Final answer:
The limit of f(x) as x approaches 8, where f(x) is defined differently for x < 8 and x ≥ 8, is 59.
Step-by-step explanation:
The limit of a function at a specific point can be found by evaluating the function as x approaches that point from both sides. In this case, we need to evaluate f(x) = x² - 4x + 27 as x approaches 8 from the left (x < 8) and f(x) = -x² + 4x - 23 as x approaches 8 from the right (x ≥ 8).
When x < 8, f(x) = x² - 4x + 27. So we substitute x = 8 - h into the function and evaluate the expression as h approaches 0 to find the limit from the left. Similarly, when x ≥ 8, f(x) = -x² + 4x - 23. We substitute x = 8 + h into the function and evaluate the expression as h approaches 0 to find the limit from the right.

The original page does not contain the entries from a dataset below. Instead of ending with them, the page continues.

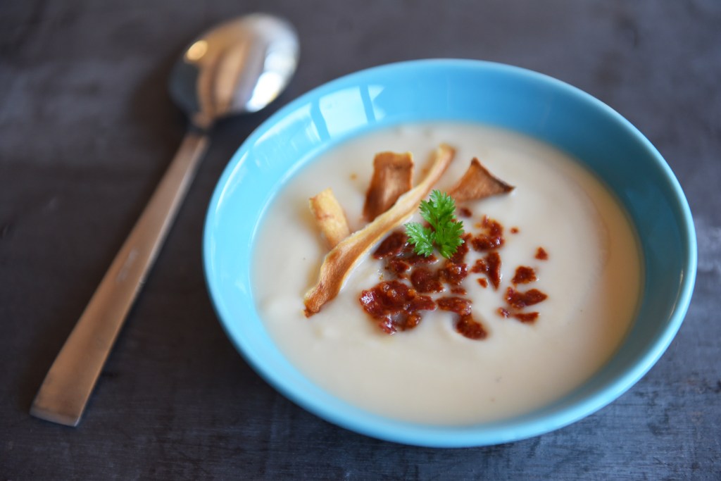 Pastinaak is een prachtige groente om soep mee te maken. Heel romig en vol van smaak. Voor een feestelijke versie werk je de met fijngesnipperde gerookte eendenborst. Geserveerd in kleine kopjes is het een perfecte amuse. Wil je het graag wintershartig, werk dan af met krokant gebakken spekjes of zoals in het recept een crumble van chorizo.
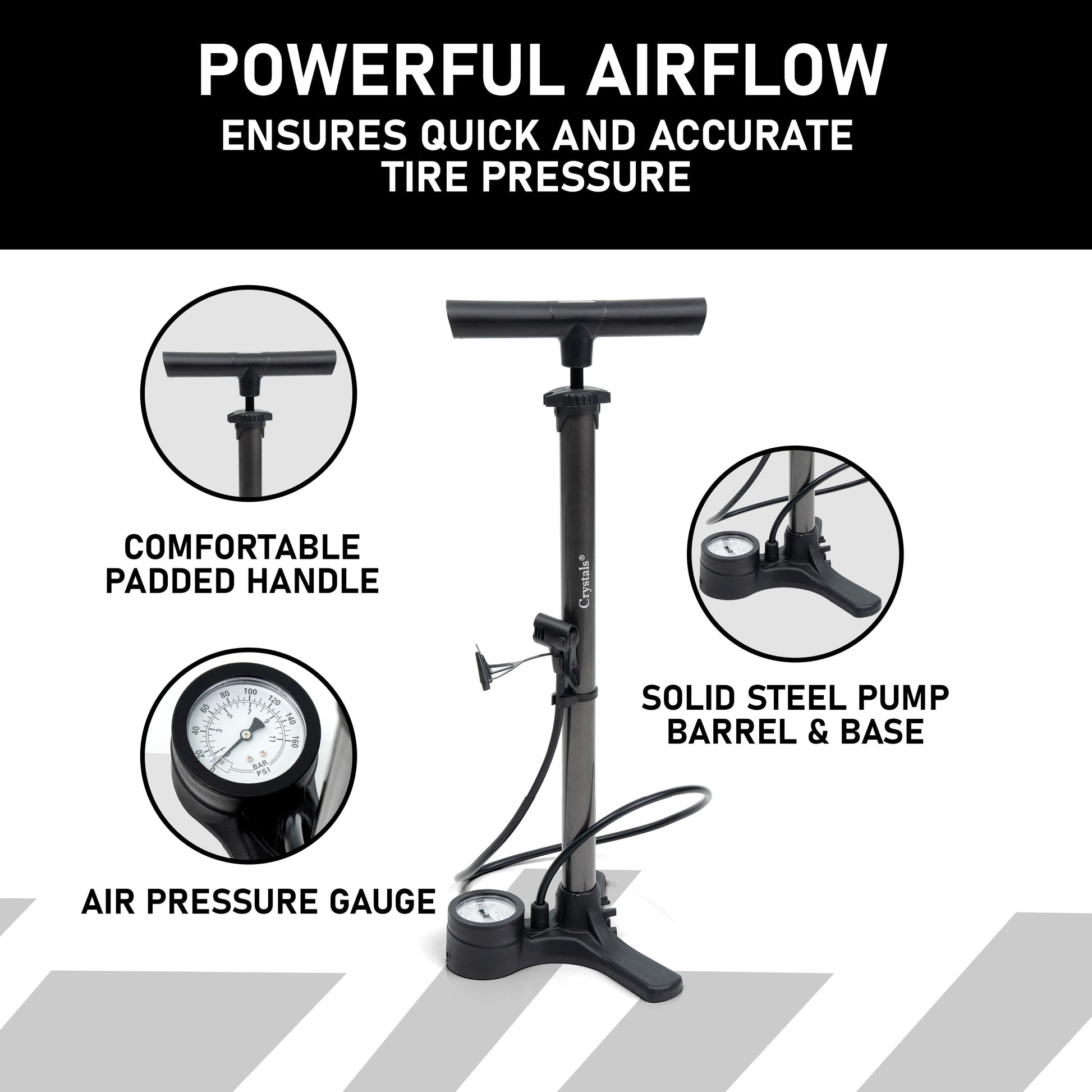 - Accurate Pressure Gauge: Real-time pressure monitoring prevents over-inflation and ensures optimal tire pressure.
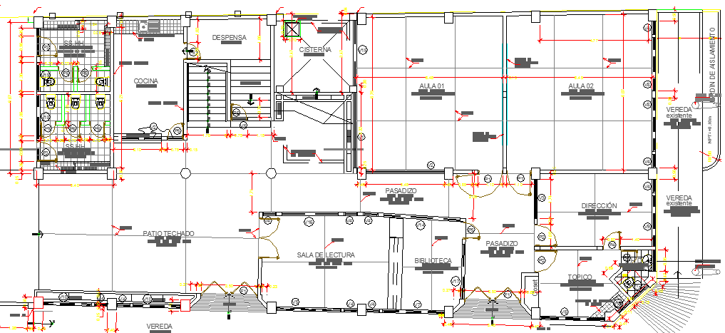 Primary School Design and Structure Details that includes detailed view of entry gate, lobby, staff room, library, class room, foot ball net, principal room, kitchen, dispensary, hall, laboratory, canteen, garden and much more of school design.
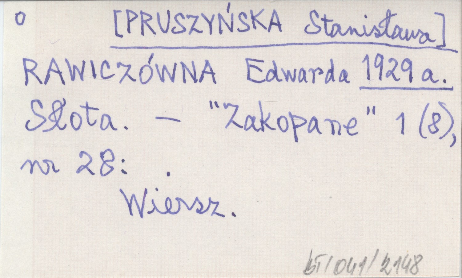 [PRUSZYŃSKA Stanisława] RAWICZÓWNA, Edwarda. ; 1929 a Słota.

Let's perform these calculations step by step:
Left Limit: lim x→8- f(x) = lim h→0 (8 - h)² - 4(8 - h) + 27
= lim h→0 64 - 16h + h² - 32 + 4h + 27
= lim h→0 h² - 12h + 59
= 59
Right Limit: lim x→8+ f(x) = lim h→0 (8 + h)² - 4(8 + h) + 27
= lim h→0 64 + 16h + h² - 32 - 4h + 27
= lim h→0 h² + 12h + 59
= 59
Since the left limit and right limit both converge to the same value of 59, we can conclude that the limit of f(x) as x approaches 8 exists and is equal to 59.